No pictures go into the output, which should consist only of the lines from the first line of the data through the line with "Whether you're checking", copied exactly.

* * * * * * * * *

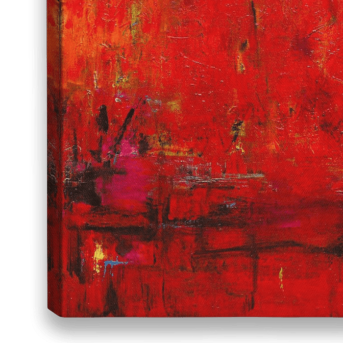 Als je van rood houdt dan is dit jouw kunstwerk. Een abstract schilderij met roodtinten en daarin subtiel enkele andere kleuren. Zo wordt het een spannend geheel en een absolute blikvanger.
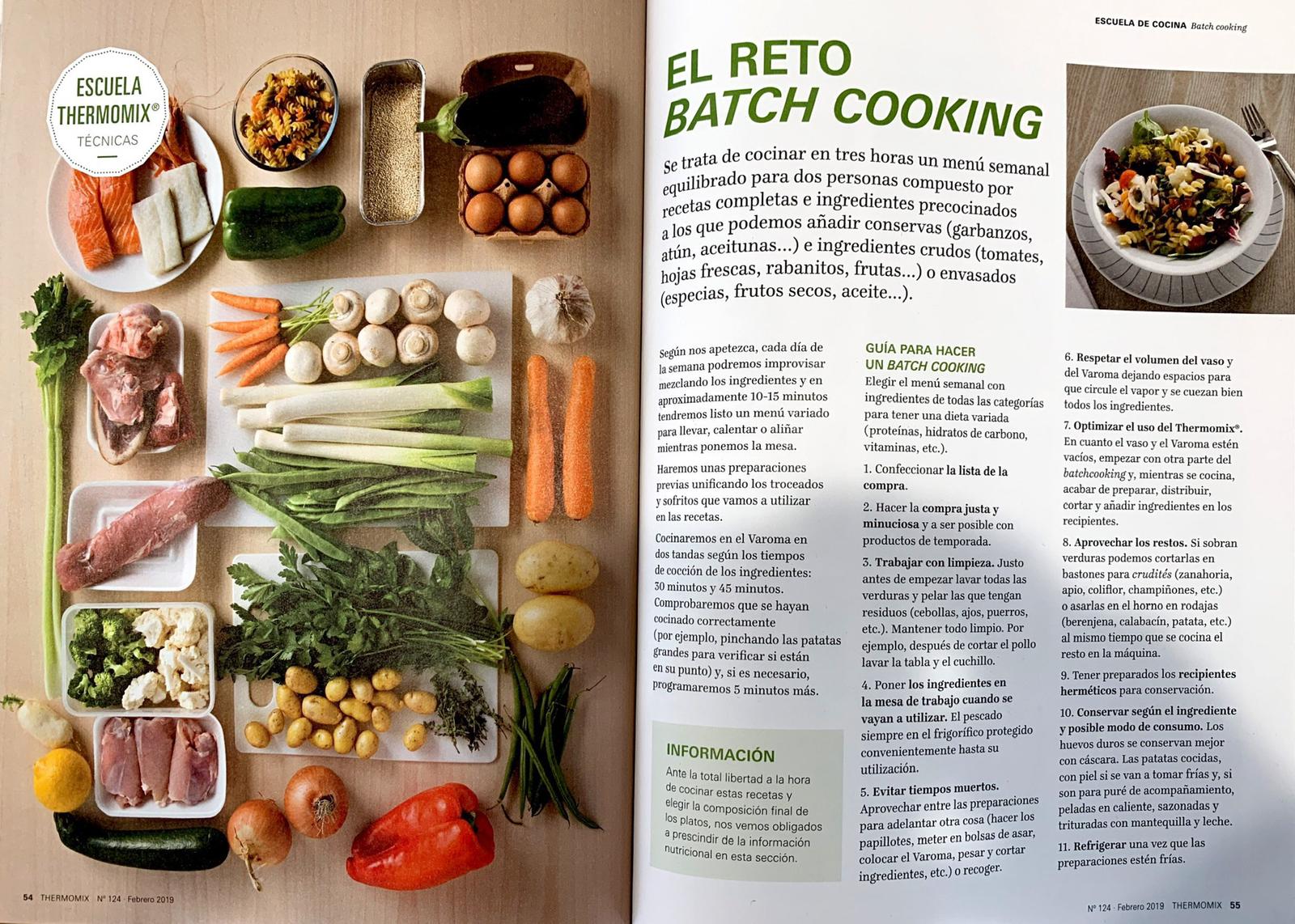 Para diseñar un menú batch cooking debemos tener presente COMO CONSERVAR LOS ALIMENTOS, bien congelarlo o envasarlo al vacío,, debe ser SALUDABLE, y debemos PREPARARLO DE UNA SOLA VEZ , en la revista tienes en tres horas un menu para dos para una semana.
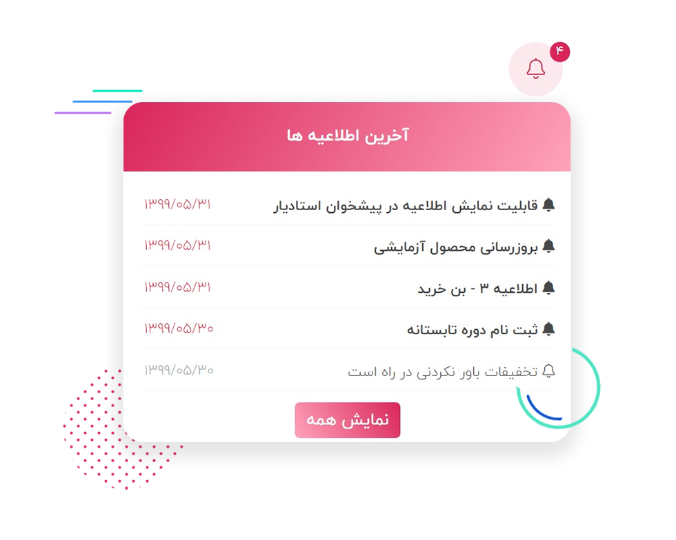 • امکان طراحی محتوای اطلاعیه با المنتور
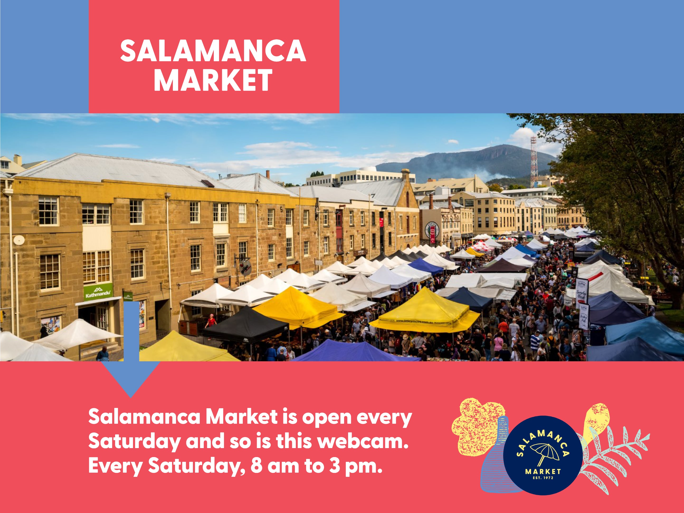 Whether you're checking the crowd before your visit, soaking in the atmosphere from afar, or just curious about what's happening today — experience the buzz of Salamanca Market wherever you are.
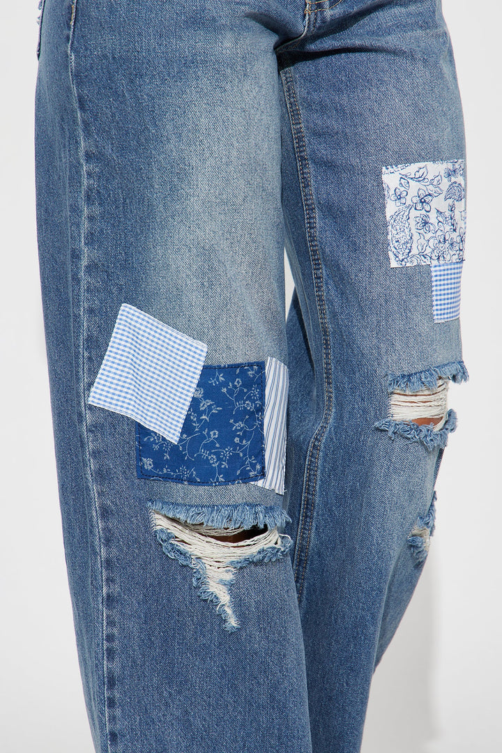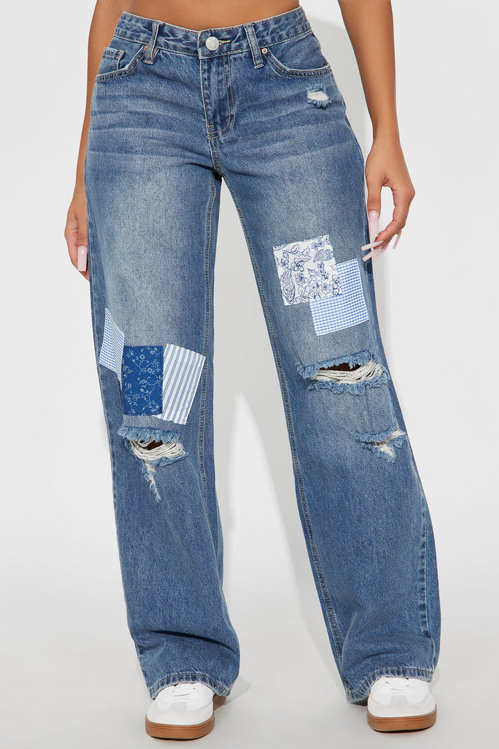 Available In Medium Wash. | Wide Leg Jean | 5 Pocket | Ripped | Patchwork | 9" Low Rise | 30" Inseam | Non-Stretch | Disclaimer Due To The Specialized Wash Process, Each Garment Is Unique. | 100% Cotton | Imported
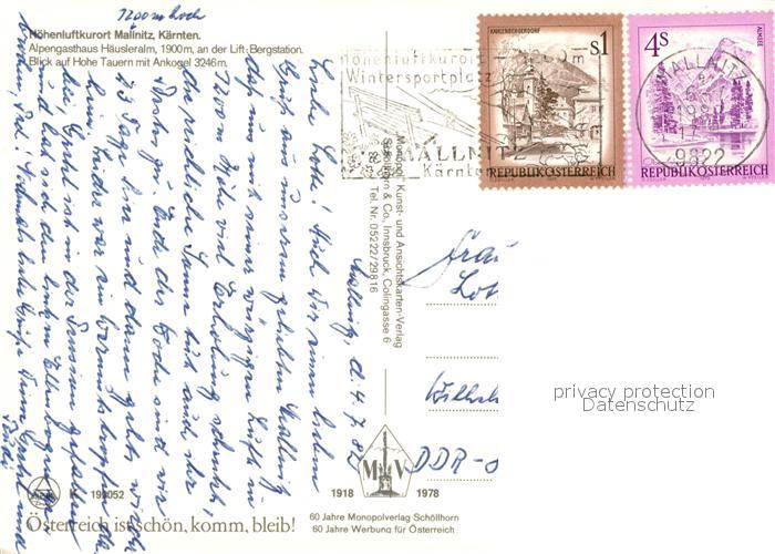 73338949 alte Postkarte Mallnitz Kaernten Alpengasthaus Haeusleralm postalisch gelaufen Erhaltung siehe scans [LiesaD40] KatCode: 11390212020618
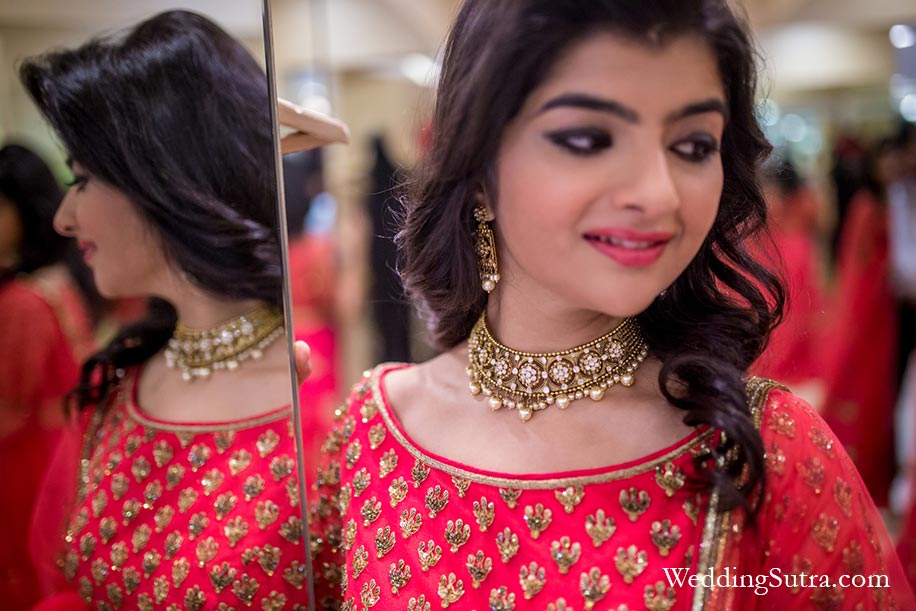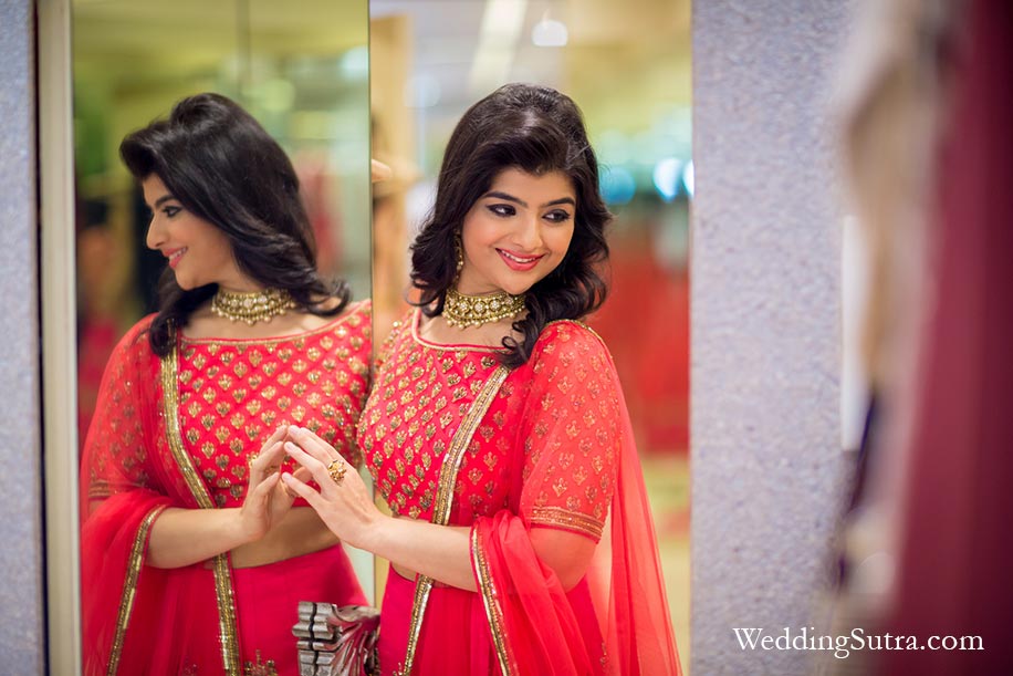 The day started with lehenga trials at the Neeta Lulla Studio in Santa Cruz, Mumbai. “I was very enamored by the boutique and was confused about choosing a lehenga because each one of the designer’s creations exuded so much beauty. Finally, after much thought, I decided to wear a bright red Anarkali lehenga with intricate zari embroidery. I chose the color because it complemented my skin tone perfectly and also matched the intricate necklace set from Azva.

* * * * * * * * *

**Written solution**
 Als je van rood houdt dan is dit jouw kunstwerk. Een abstract schilderij met roodtinten en daarin subtiel enkele andere kleuren. Zo wordt het een spannend geheel en een absolute blikvanger.
 Para diseñar un menú batch cooking debemos tener presente COMO CONSERVAR LOS ALIMENTOS, bien congelarlo o envasarlo al vacío,, debe ser SALUDABLE, y debemos PREPARARLO DE UNA SOLA VEZ , en la revista tienes en tres horas un menu para dos para una semana.
 • امکان طراحی محتوای اطلاعیه با المنتور
 Whether you're checking the crowd before your visit, soaking in the atmosphere from afar, or just curious about what's happening today — experience the buzz of Salamanca Market wherever you are.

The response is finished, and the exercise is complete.